(AVAILABLE DATA)
· · · · · · ·

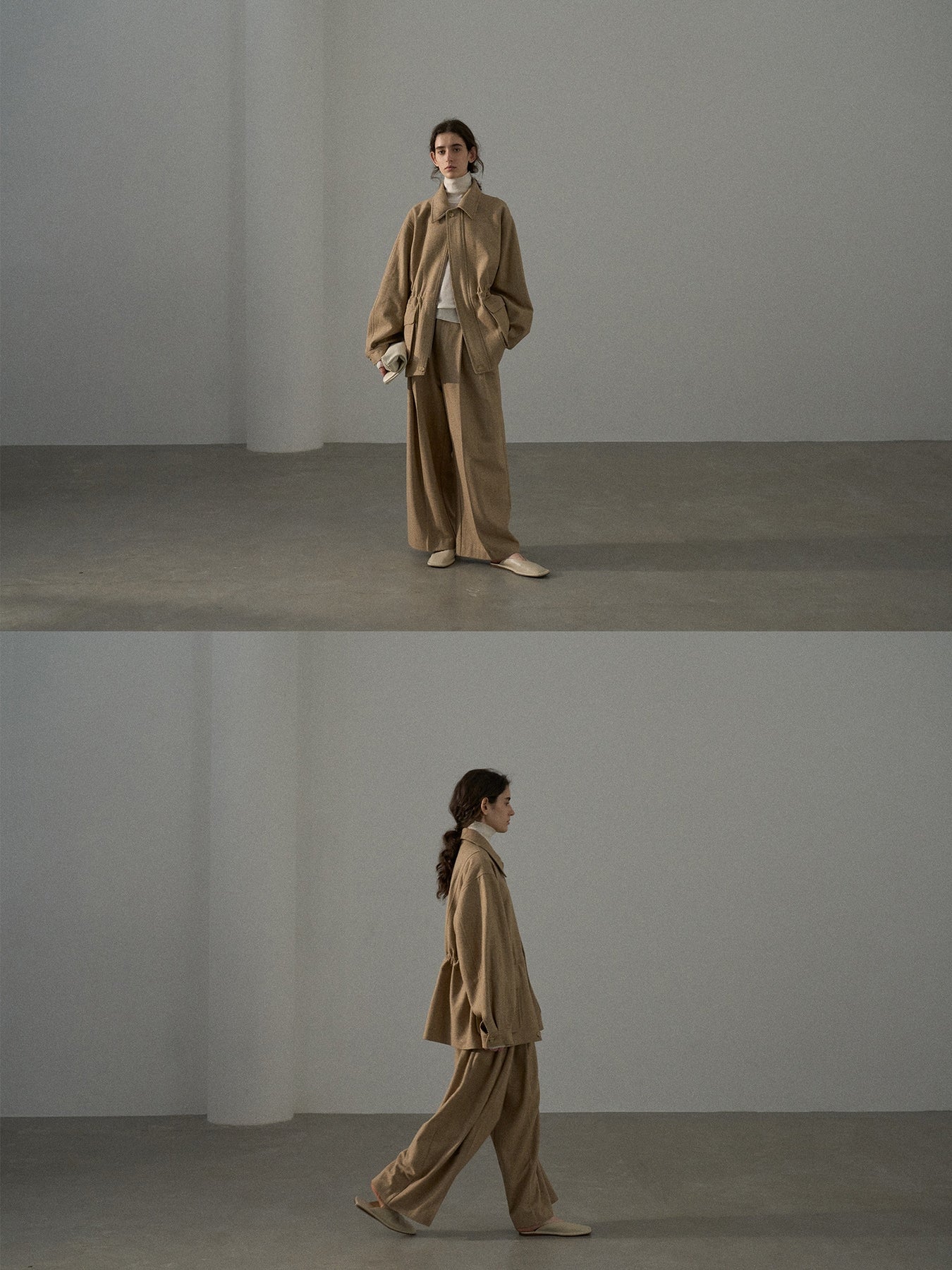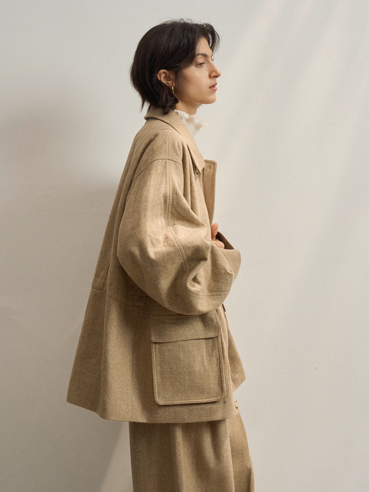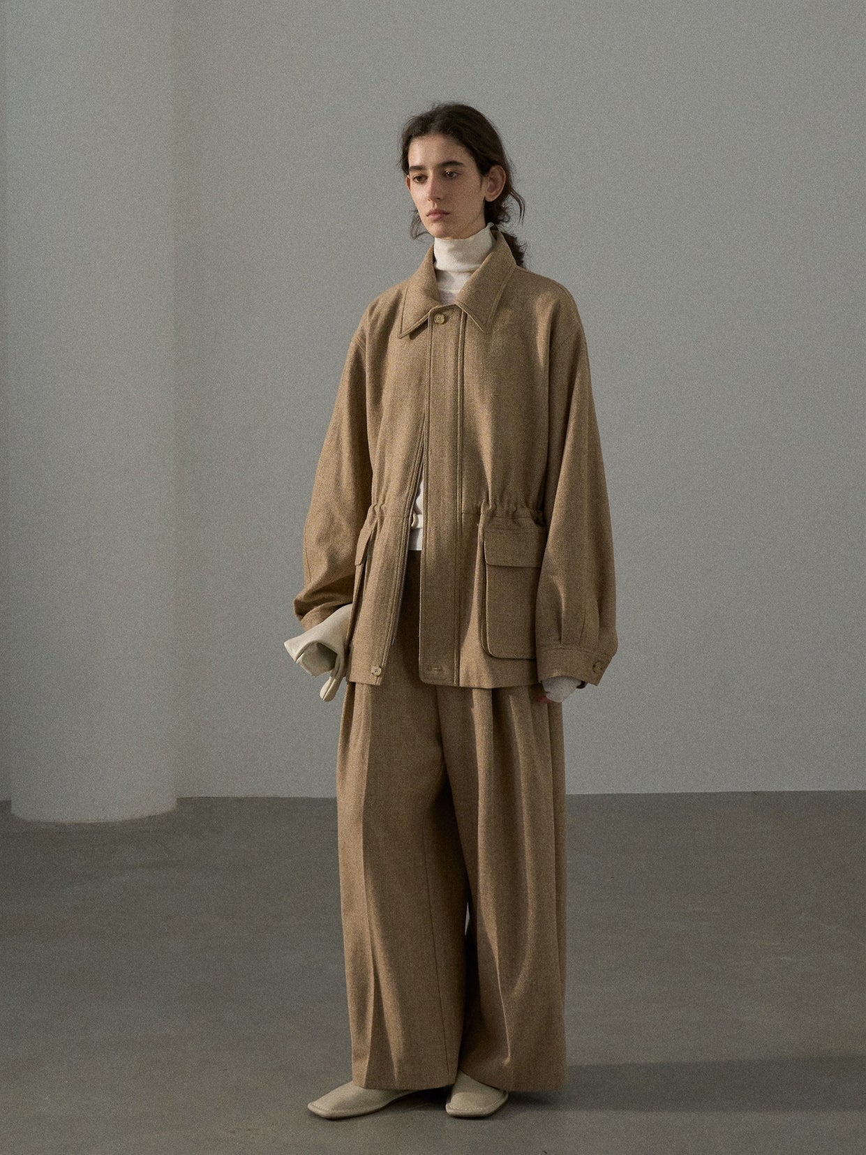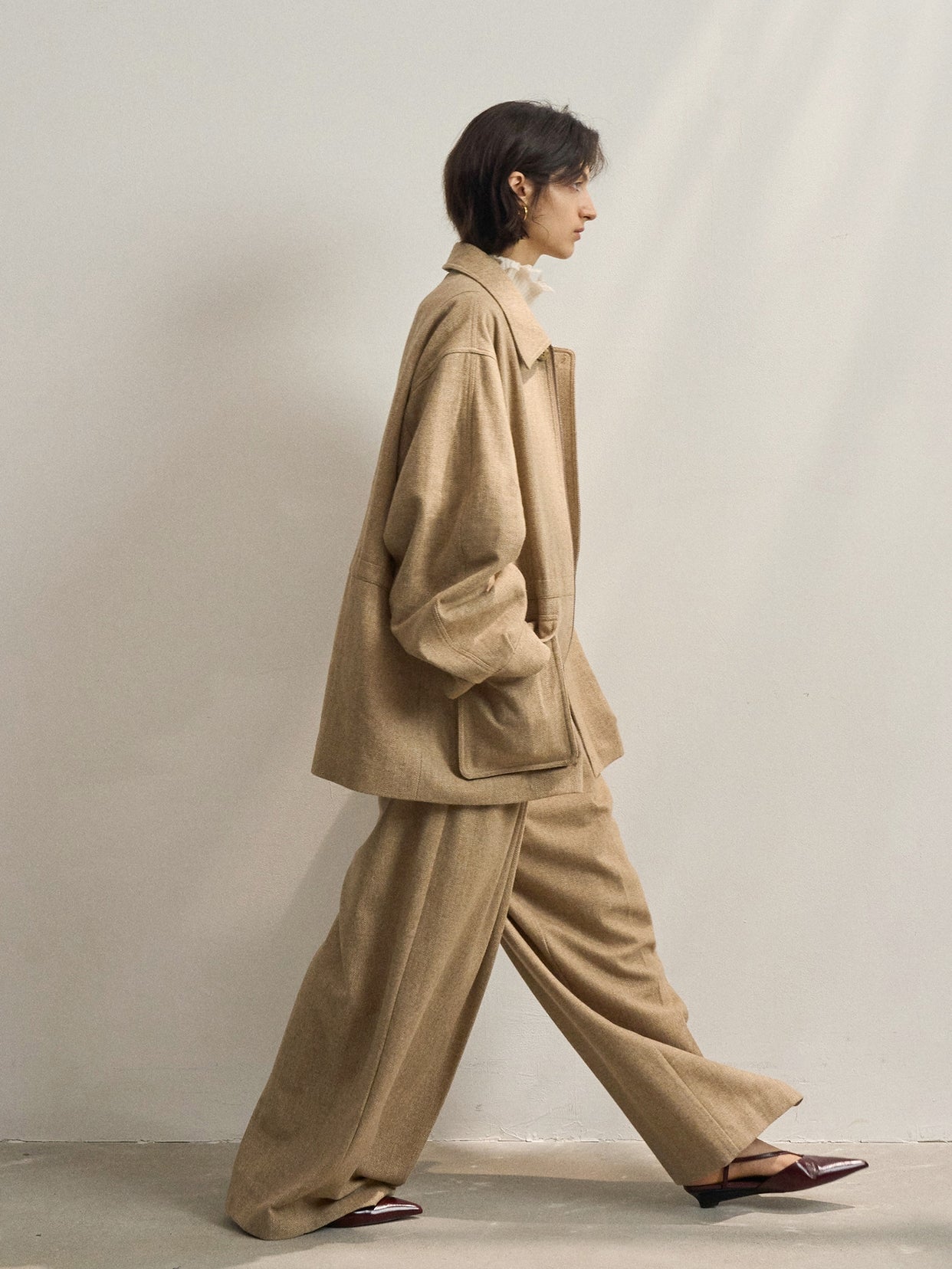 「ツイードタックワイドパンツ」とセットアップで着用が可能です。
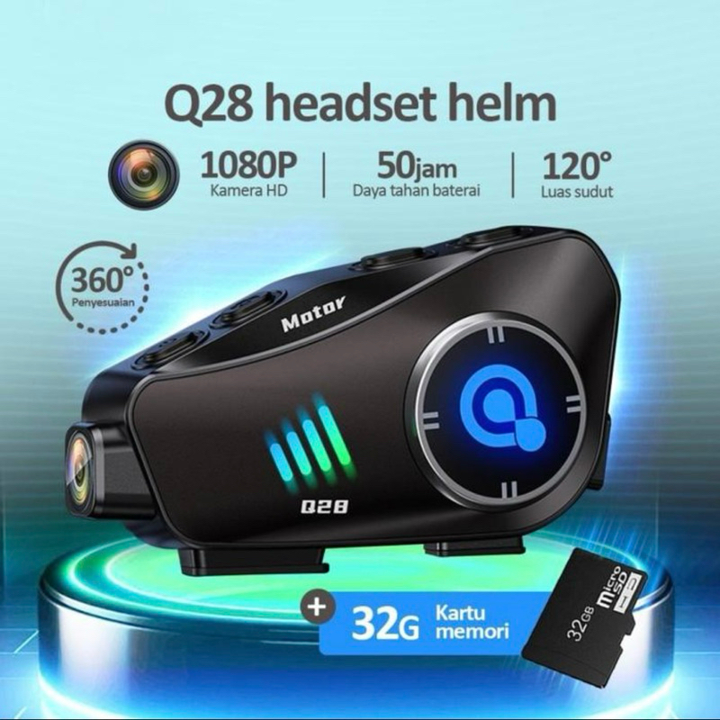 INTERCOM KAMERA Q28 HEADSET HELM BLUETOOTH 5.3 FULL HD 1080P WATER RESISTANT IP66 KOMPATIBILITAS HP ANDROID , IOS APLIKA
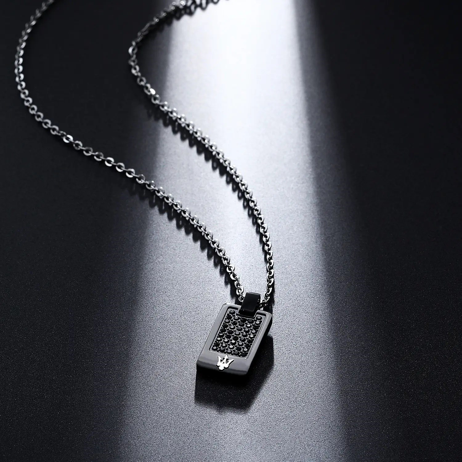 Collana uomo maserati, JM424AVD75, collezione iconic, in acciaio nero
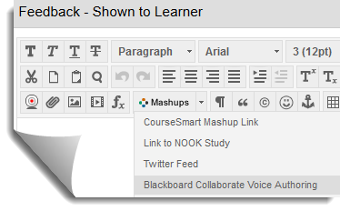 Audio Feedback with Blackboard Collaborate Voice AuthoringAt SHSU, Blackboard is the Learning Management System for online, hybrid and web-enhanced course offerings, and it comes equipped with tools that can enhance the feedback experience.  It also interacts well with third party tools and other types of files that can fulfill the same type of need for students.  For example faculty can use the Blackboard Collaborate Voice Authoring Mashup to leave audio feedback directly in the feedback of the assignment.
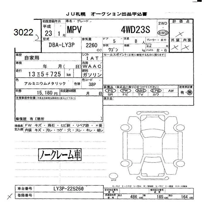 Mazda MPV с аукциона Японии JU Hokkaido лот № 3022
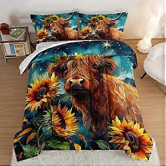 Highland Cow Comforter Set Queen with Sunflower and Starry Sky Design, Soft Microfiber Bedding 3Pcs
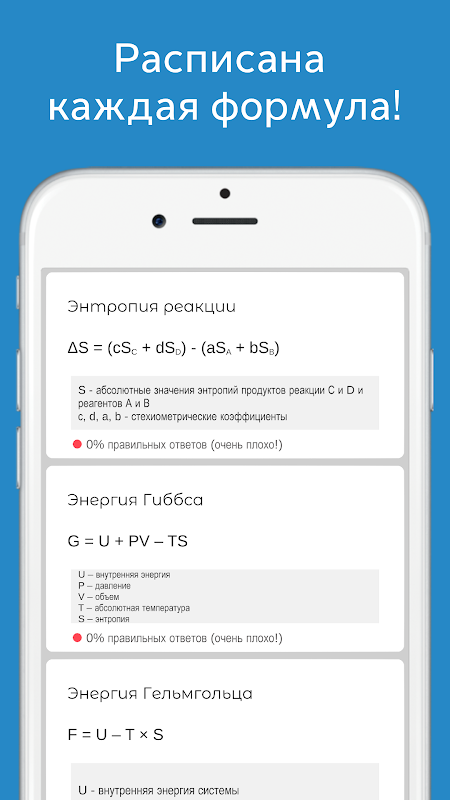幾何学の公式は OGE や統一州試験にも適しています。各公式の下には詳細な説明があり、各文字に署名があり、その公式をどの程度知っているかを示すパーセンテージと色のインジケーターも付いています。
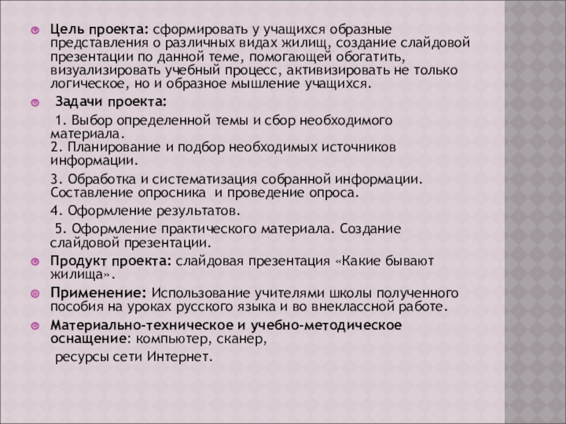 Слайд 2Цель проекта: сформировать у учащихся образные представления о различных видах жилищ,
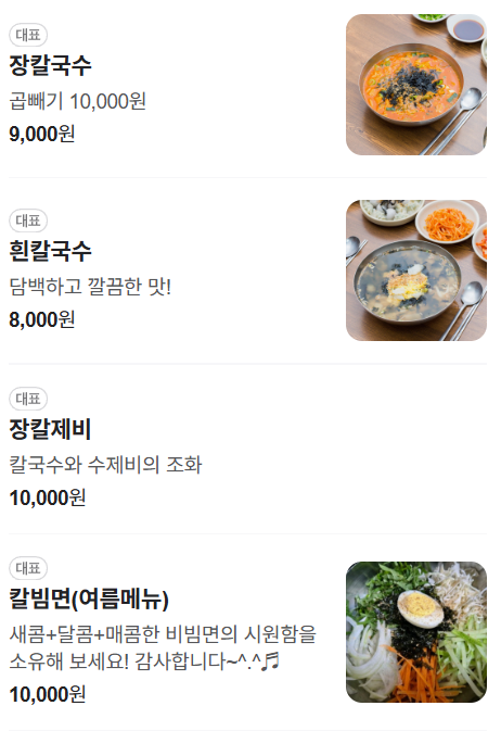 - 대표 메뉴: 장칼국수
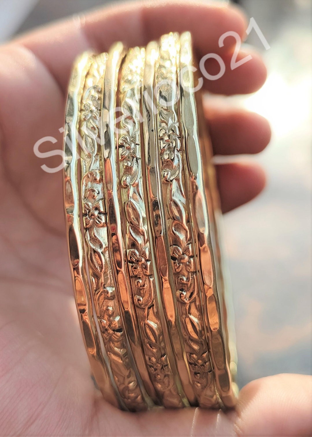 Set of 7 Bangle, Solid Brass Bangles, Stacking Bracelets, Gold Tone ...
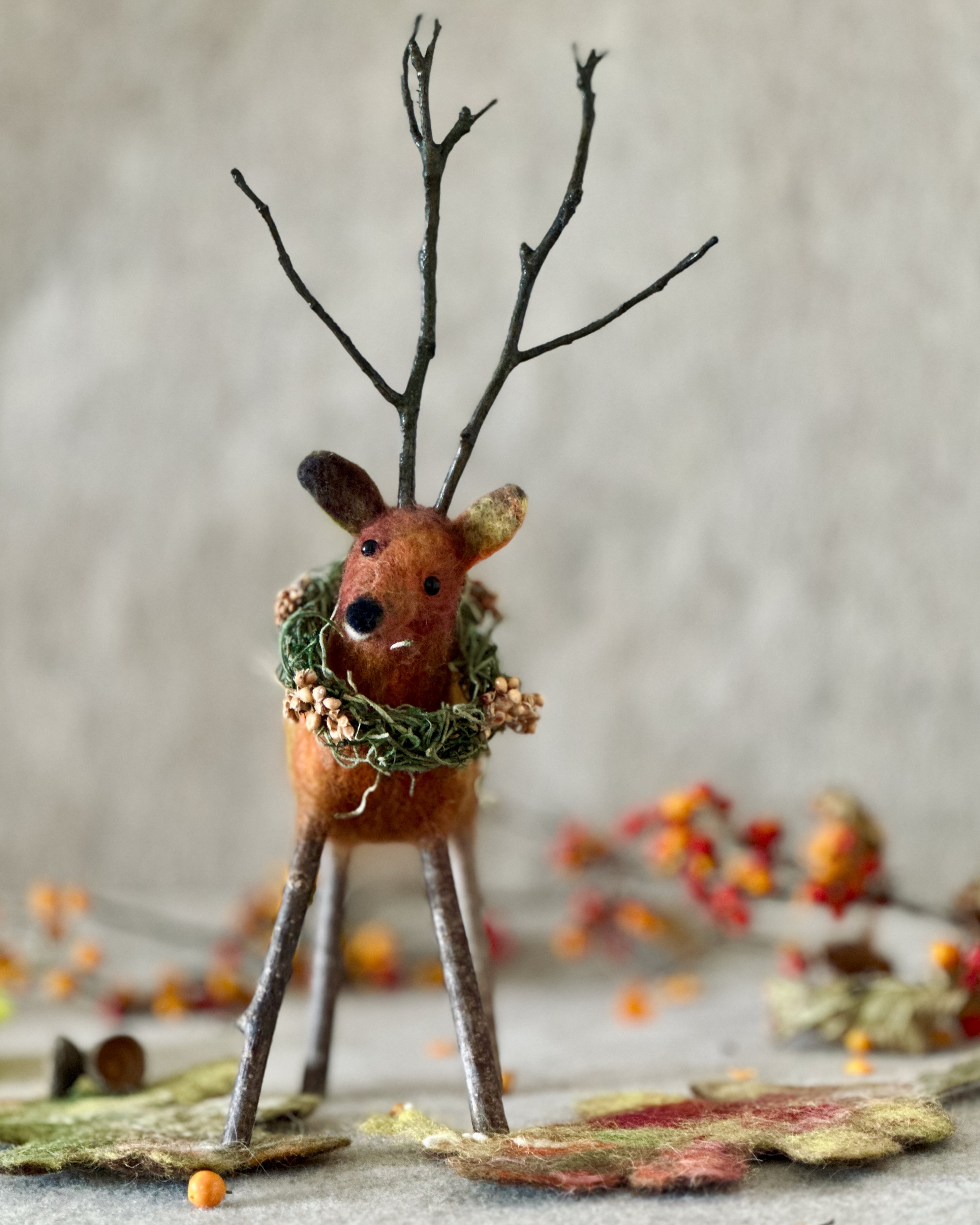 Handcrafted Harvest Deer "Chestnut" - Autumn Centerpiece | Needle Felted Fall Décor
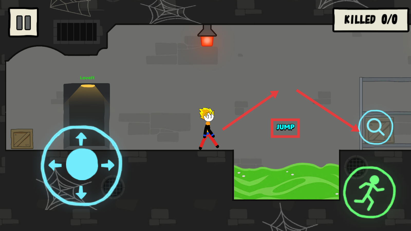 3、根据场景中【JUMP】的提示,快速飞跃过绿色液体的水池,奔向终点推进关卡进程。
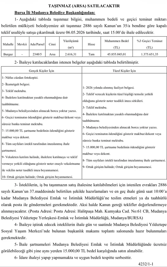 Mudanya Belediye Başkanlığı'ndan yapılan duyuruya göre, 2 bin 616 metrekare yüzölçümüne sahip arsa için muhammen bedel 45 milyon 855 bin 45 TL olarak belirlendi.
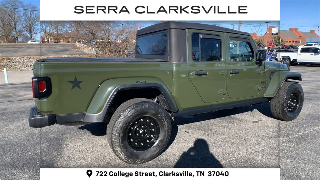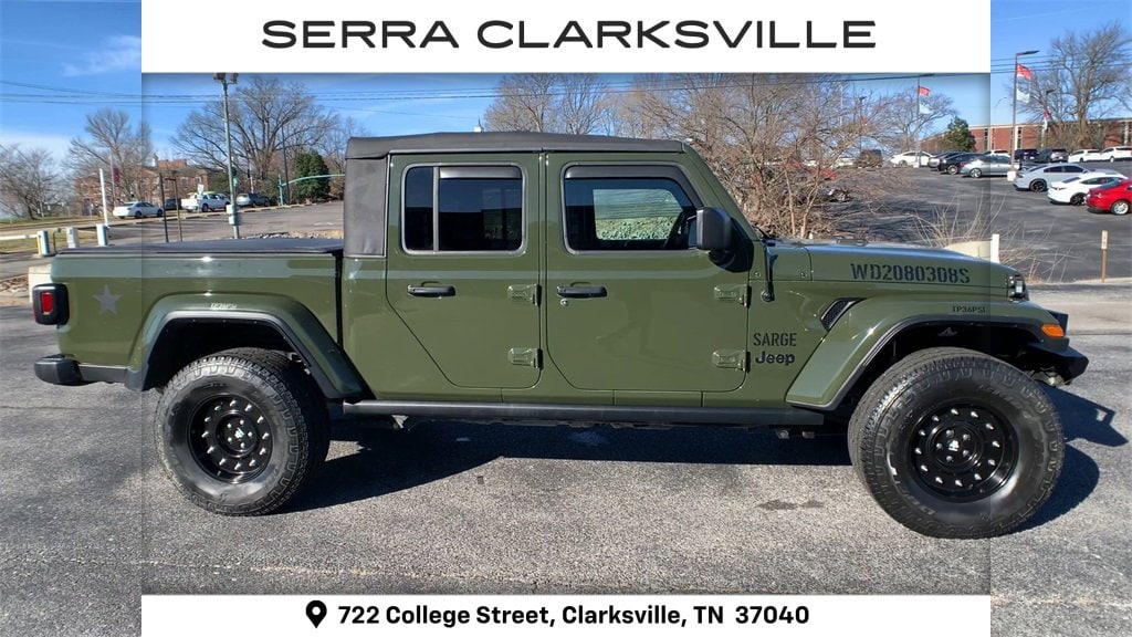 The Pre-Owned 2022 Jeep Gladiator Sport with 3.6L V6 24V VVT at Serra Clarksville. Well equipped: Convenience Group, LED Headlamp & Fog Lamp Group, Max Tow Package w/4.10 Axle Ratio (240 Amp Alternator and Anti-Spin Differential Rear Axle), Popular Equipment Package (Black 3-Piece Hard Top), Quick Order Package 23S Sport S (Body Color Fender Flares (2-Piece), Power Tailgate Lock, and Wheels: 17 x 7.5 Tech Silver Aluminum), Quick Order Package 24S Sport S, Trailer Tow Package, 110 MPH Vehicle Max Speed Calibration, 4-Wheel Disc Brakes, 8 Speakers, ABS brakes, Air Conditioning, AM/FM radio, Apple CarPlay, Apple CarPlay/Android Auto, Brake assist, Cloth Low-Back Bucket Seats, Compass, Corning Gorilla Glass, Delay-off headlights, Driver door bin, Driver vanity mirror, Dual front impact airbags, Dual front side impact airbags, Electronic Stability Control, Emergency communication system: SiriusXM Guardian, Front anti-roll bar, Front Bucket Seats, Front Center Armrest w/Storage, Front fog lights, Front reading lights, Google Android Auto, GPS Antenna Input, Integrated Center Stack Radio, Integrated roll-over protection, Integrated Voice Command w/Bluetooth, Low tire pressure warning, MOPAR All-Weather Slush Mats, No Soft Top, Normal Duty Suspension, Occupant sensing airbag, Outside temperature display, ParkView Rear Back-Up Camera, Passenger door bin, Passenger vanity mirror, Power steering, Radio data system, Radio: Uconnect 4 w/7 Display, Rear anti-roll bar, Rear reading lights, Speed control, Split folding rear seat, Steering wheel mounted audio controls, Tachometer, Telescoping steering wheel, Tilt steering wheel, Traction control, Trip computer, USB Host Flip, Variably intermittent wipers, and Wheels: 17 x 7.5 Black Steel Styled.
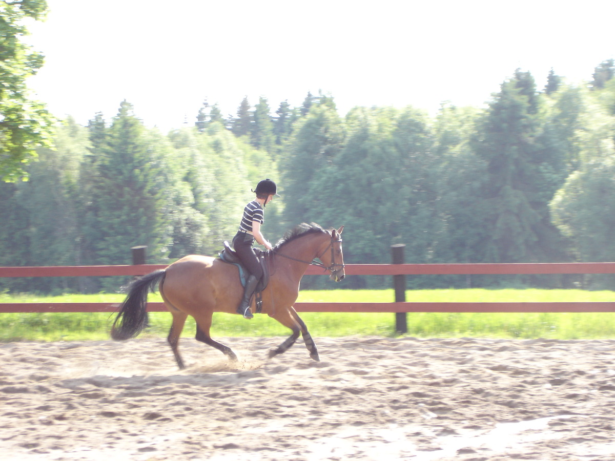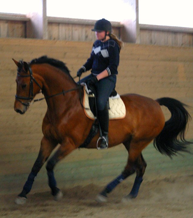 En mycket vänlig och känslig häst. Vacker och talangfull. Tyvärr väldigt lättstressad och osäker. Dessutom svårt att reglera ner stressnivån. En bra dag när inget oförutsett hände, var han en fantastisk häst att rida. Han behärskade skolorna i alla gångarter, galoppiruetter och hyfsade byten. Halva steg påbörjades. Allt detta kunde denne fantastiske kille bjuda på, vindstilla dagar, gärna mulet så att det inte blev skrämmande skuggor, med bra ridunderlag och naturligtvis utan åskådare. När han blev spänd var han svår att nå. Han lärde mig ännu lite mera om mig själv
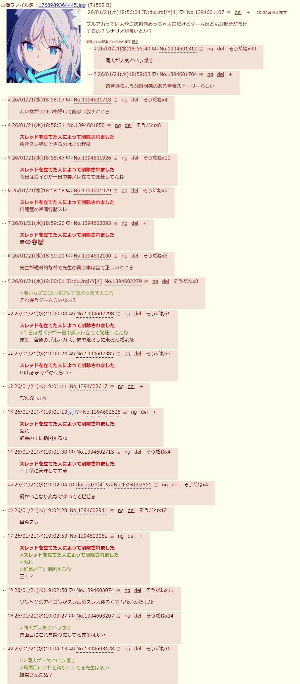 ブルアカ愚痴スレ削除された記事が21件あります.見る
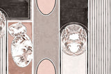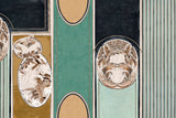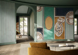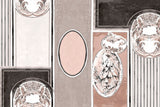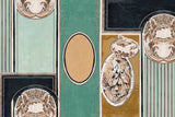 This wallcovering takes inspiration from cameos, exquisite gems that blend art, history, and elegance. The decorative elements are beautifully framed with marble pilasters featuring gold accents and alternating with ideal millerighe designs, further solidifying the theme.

· · · · · · ·

(TASK DIRECTIONS) Please return the material above only from the line that holds "INTERCOM KAMERA Q28" through the line that holds "Audio Feedback with", exactly as it stands, ends included and pictures omitted.

(OUTPUT FOR THIS TASK)
 INTERCOM KAMERA Q28 HEADSET HELM BLUETOOTH 5.3 FULL HD 1080P WATER RESISTANT IP66 KOMPATIBILITAS HP ANDROID , IOS APLIKA
 Collana uomo maserati, JM424AVD75, collezione iconic, in acciaio nero
 Audio Feedback with Blackboard Collaborate Voice AuthoringAt SHSU, Blackboard is the Learning Management System for online, hybrid and web-enhanced course offerings, and it comes equipped with tools that can enhance the feedback experience.  It also interacts well with third party tools and other types of files that can fulfill the same type of need for students.  For example faculty can use the Blackboard Collaborate Voice Authoring Mashup to leave audio feedback directly in the feedback of the assignment.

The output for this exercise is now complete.